All pictures are to be excluded when the data below is output verbatim.

■ GIVEN DATA:
■ ■ ■ ■ ■

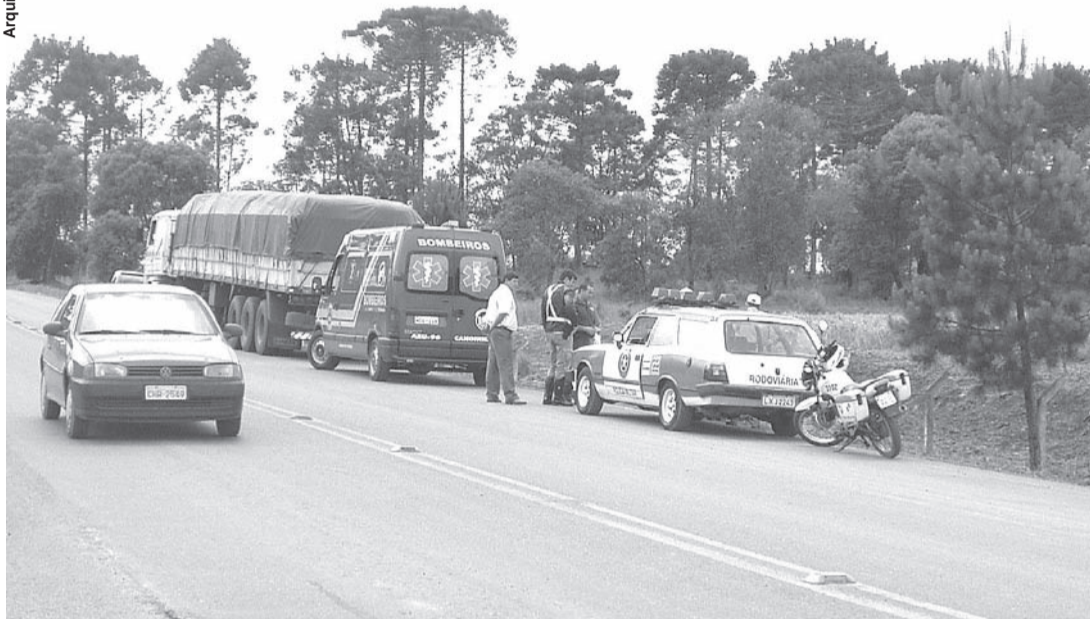
BLITZE somente de rotina; por enquanto a Polícia Militar não deve fazer operações especiais para Lei Seca
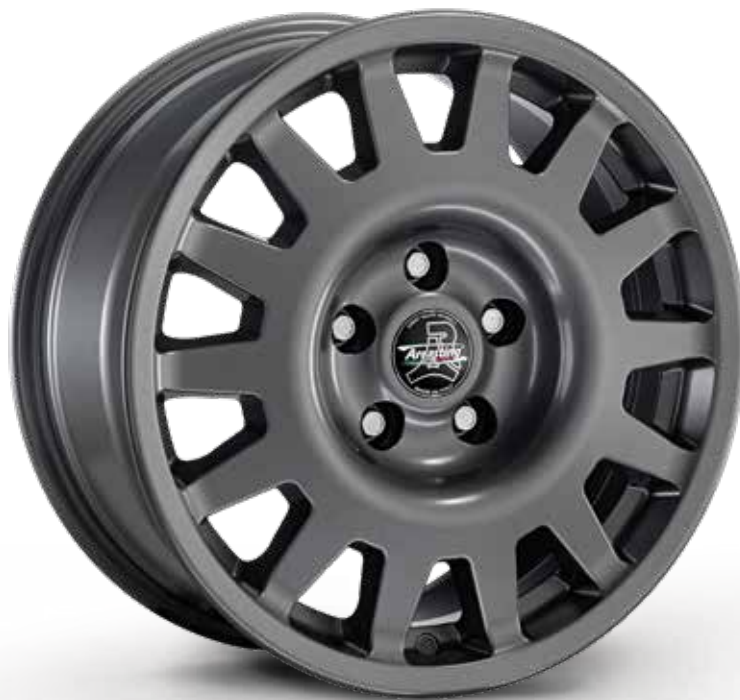
MATT ANTHRACITE ANTRACITE OPACO
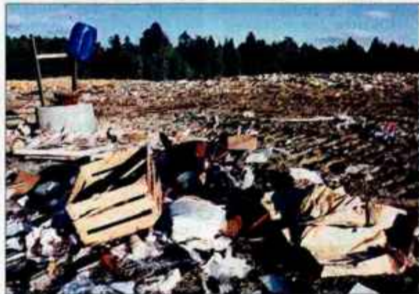
Krajanom Mlake Grič po odprtju polja B1 še bolj smrdi.

■ ■ ■ ■ ■

■ TASK SOLUTION:
BLITZE somente de rotina; por enquanto a Polícia Militar não deve fazer operações especiais para Lei Seca
MATT ANTHRACITE ANTRACITE OPACO
Krajanom Mlake Grič po odprtju polja B1 še bolj smrdi.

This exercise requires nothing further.